I AM AT JENA AND THE PRINCESS HERE IN A SANATORIUM I BEG YOU TO THINK OF US KINDEST REGARDS DANILO
It is little wonder that Zeno is disturbed. In constant demand by a litter of troubled individuals upon whose heads rest so many European crowns, he feels besieged on all sides. Now he is expected to save the life of one royal personage while, at the same time, hastening another towards an untimely end.
If this were not enough cause for consternation, it is at this point Charlotte’s letters begin to delve into international matters of concern.
The wars and bloodshed in Mexico looks very bad and [I] don’t see any way out of this stupidly managed affair.
Then, after her signature, comes the intriguing line: ‘Did you see anything of the King and Queen since their French visit?’
I am not sure to which King and Queen Charlotte is referring. So many spring to mind; perhaps her brother-in-law Constantine and sister Sophie, the King and Queen of Greece, or possibly her cousins, King George and Queen Mary of Great Britain. It is not important. What strikes me most is the casual assumption this chatty postscript contains. These days, it appears that mixing in royal circles is, for Rosetta and Zeno, so unexceptional that the Emperor’s sister regards it as barely worth remarking upon.
Charlotte’s correspondence now begins to move in disconcerting, rapid fashion between the domestic drama of the ailing Duke’s battle to stave off death and a much larger stage: the tumultuous conflicts beginning to erupt among nations.
Hotel Marienbad,
Munich,
9 May 1914
The papers (of last night) brought bad news about the old Duke, and wish they were true, but my husband and self have heard nothing direct as usual, and feel he is pulling through once more. Can you see or feel anything? If so do tell me.
Charlotte emerges from her preoccupation with the Duke’s unwanted recovery to make the observation:
Politics look bad and strained, specially Albania! And feel as if serious trouble between Austria and Italy is growing!! And Russia as usual playing fool game.
Zeno responds. He counsels forbearance. What else can he do? Charlotte is the least of his worries. He sleeps little, continues to be disturbed by the dreams that fill his mind once his eyes are closed, the ghastly images that even the small grains of opium he has begun to take do little to dispel.
Meiningen,
20 May 1914
Concerning the Duke, I wish indeed you were right; he arrives here on 29th, and [I] shall try again for another spell of patience, ‘sweet patience’ as you say, and ‘it cannot be long’.
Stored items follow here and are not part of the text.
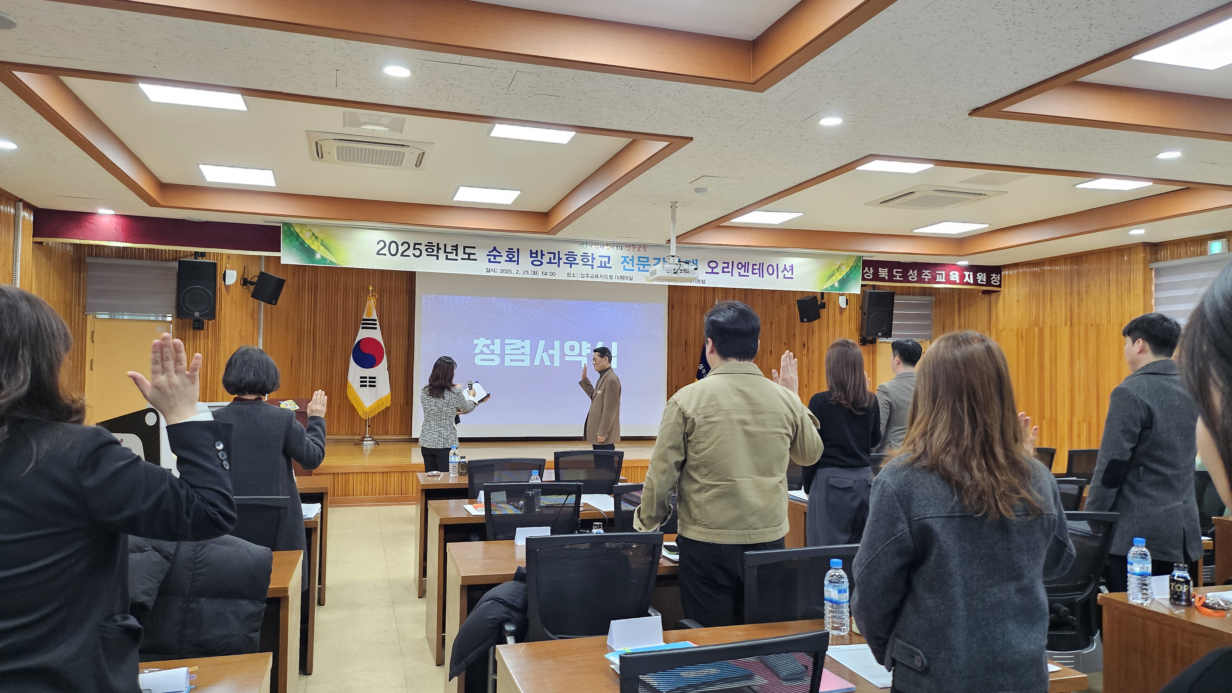 □ 경상북도성주교육지원청(교육장 정수권)은 2025년 2월 25일(화) 14시 성주교육지원청 3층 대회의실에서 2025년 농산어촌 지역 순회 방과후학교 전문 강사 오리엔테이션 및 청렴서약식을 실시하였다.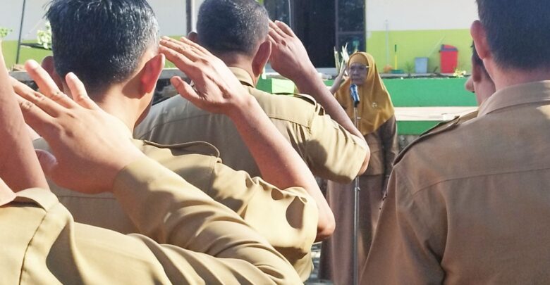Kepala Disdikbud Bandar Lampung, Hj. Eka Afriana, S.Pd, saat memimpin apel di lapangan dinas setempat, Senin, 8 Juli 2024. ISTIMEWA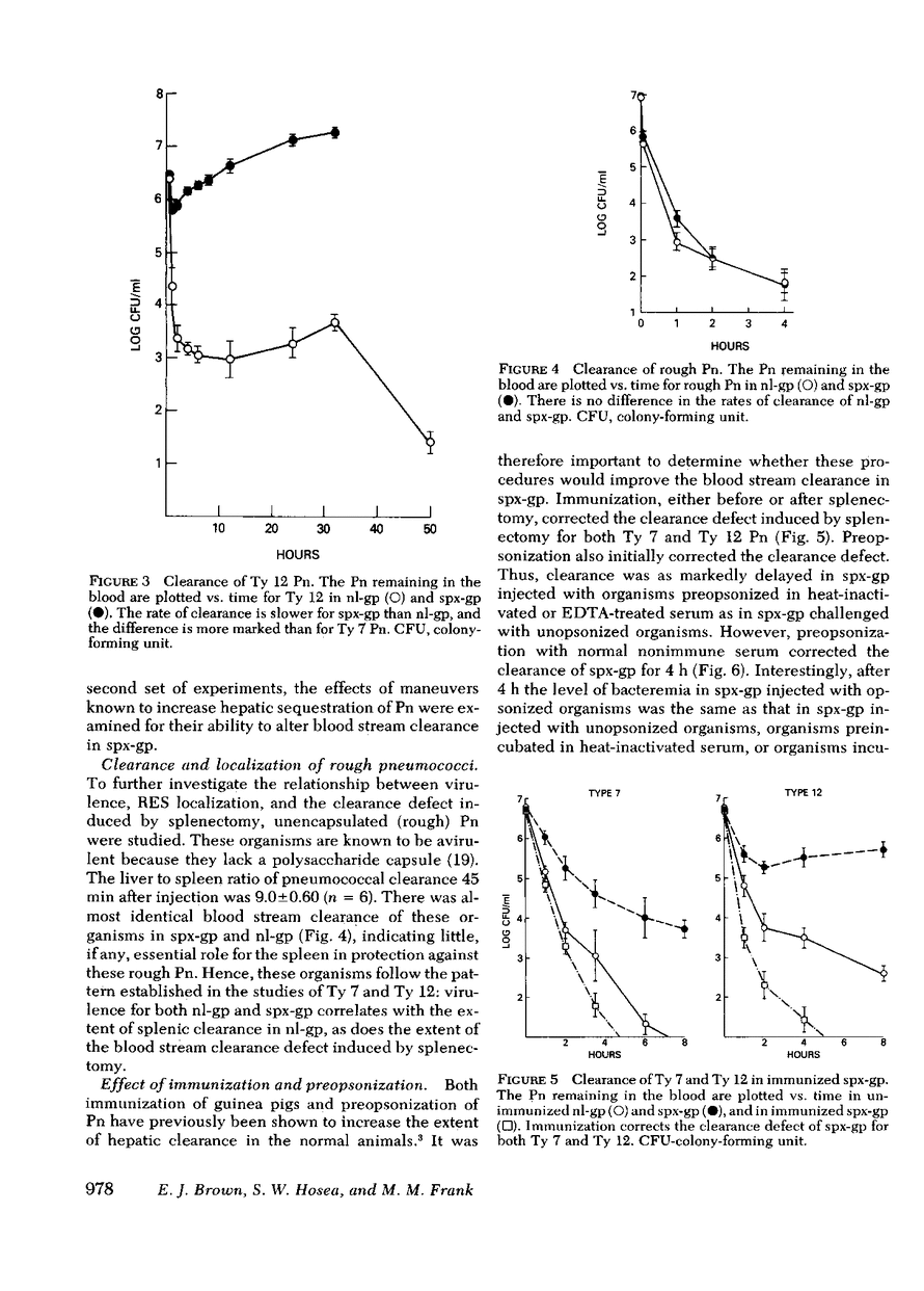 The importance of the spleen in host defense against pneumococcal bacteremia has been suggested by a number of experimental models as well as the occurrence of the syndrome of overwhelming pneumococcal sepsis in asplenic individuals. We studied the mechanism of splenic protection against pneumococcal bacteremia using a guinea pig model. Rates of removal of pneumococci from the blood stream in normal and splenectomized guinea pigs were compared with the extent of hepatic and splenic sequestration of radiolabeled organisms for three different types of pneumococci. A relationship was found between the virulence of a pneumococcus for normal guinea pigs, the extent to which it is cleared by the spleen, and the magnitude of the defect in blood stream sterilization induced by splenectomy. The spleen plays an increasingly important role in the clearance of progressively more virulent organisms, for which hepatic clearance cannot compensate. Thus, the division between hepatic and splenic clearance of bacteremia is a key determinant of the outcome of experimental pneumococcal infection.

Charlotte is writing from the royal family’s estate. She complains that she is:r />
… surrounded by daily, never-ending worries and intrigues of all sorts and conditions. Lies I cannot clear or shake off. The enemies you felt months ago, with their tormenture and jealousy, are indeed a tidal wave, and don’t feel getting ahead of it all; and these devilish creatures are beyond my comprehension! The Chinese method of killing enemies is charming!!! Pity we can’t introduce it here.
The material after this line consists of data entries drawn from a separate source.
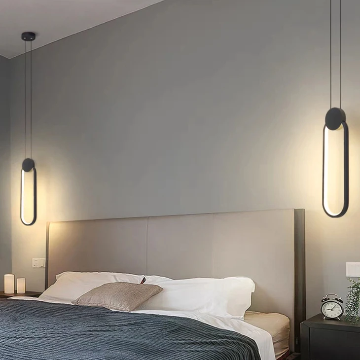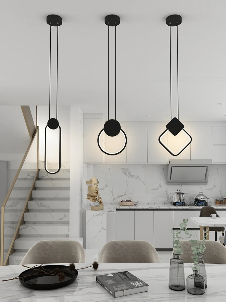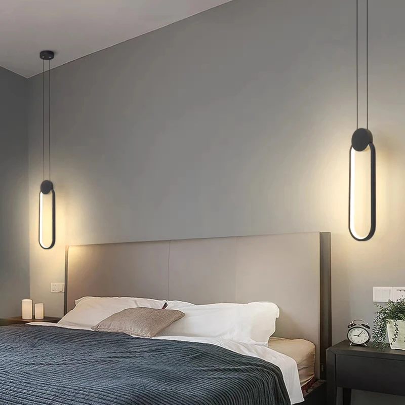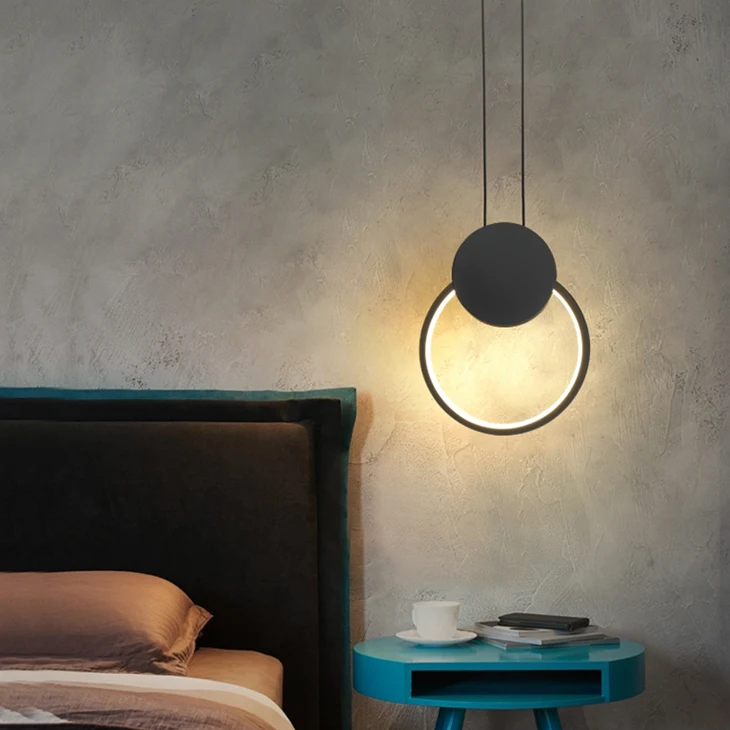 Минималистичный подвесной светильник с черным кольцом и длинной проволокой, СВЕТОДИОДНЫЙ Потолочный подвесной светильник с регулируемой яркостью для ресторана, спальни, прикроватная декоративная лампаНазвание продукта: подвесной светильник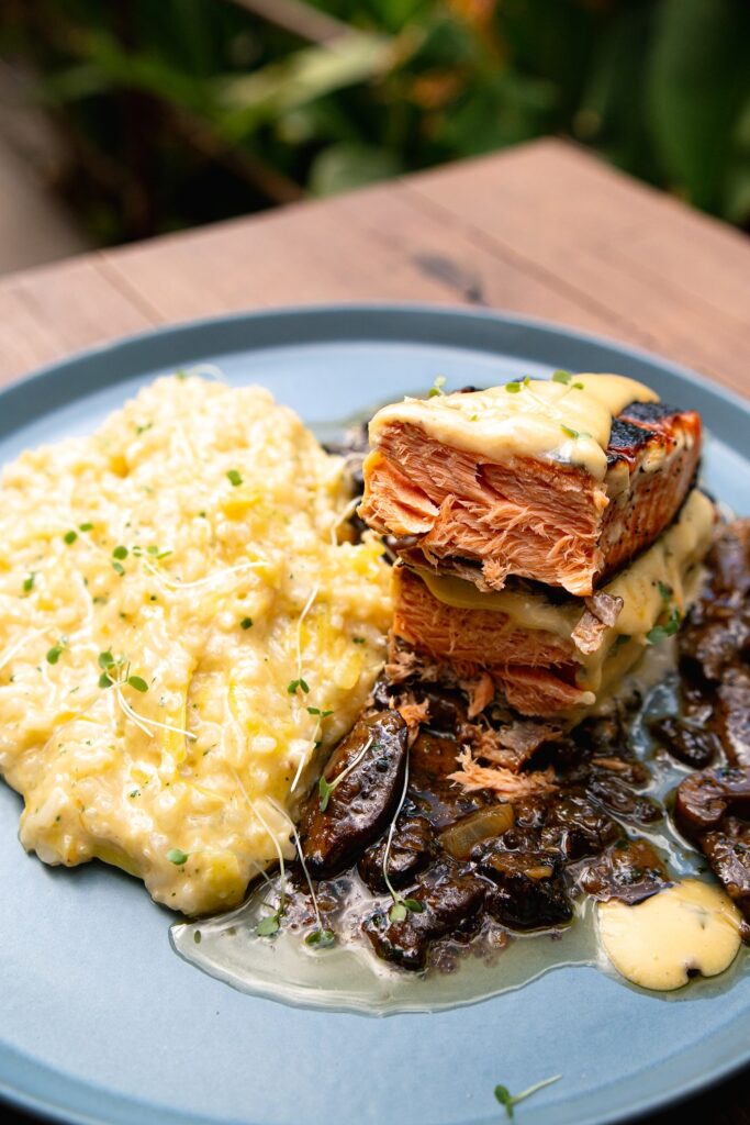 – Salmão cogumelo – 200g de salmão grelhado na brasa, acompanhado por um mix de cogumelos, molho bernese e risoto de mandioquinha – R$ 90;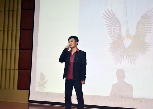 刘骏文在才乡文学论坛·青年作家讲座上讲述自己的文学经历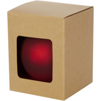 Adorno navideño con acabado brillante, un colgador redondo y un cordel de 5,5 cm. Caja de regalo individual de papel kraft con apertura frontal para visualizar la grabación.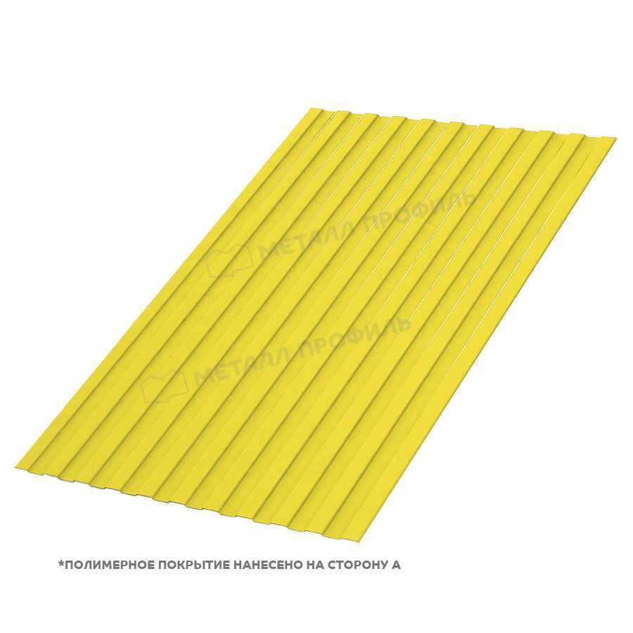 Профлист С-8 с толщиной 0,45 мм и покрытием из полиэстера в цвете RAL 1018 (желтый цинк) представляет собой надежный материал для ограждений и фасадов. Он сочетает прочность металла с эстетичным внешним видом, подходящим для различных строительных задач. Сторона A обеспечивает оптимальную защиту и долговечность.

Politics, specially Albania, Austria and Italy’s vile intrigues, look more grave than the powers seem to like to believe in; Albania is Mexico over again: bloodshed all round! And the Diplomats all more or less blind idiots.
Charlotte leaves Meiningen, its torments and intrigues, to return to the south of France.
Villa La Fôret,
Cannes,
3 June 1914
I saw the old Duke yesterday, found him feeble and aged …
Then the Princess writes:
… can’t trust those Balkan states and the Albanian case is a hopeless one, in my eyes, and my nephew won’t be lucky!
Charlotte is right. As events unfold, the future will hold little for her brother’s son, Germany’s young Crown Prince.
Grosses Palais,
Meiningen,
7 June 1914
I’ve seen the old Duke who looks very bad indeed, so small, shrunk, weak and pale, legs and feet swollen and such spasms at night, kept down by strong morphia injections. A few days ago I really thought at last the end had come: but tomorrow they drag the old gent to a watering place where a Dr. and friend of his promises to cure him! To me he looks like a dying man! What do you think? Or see and feel?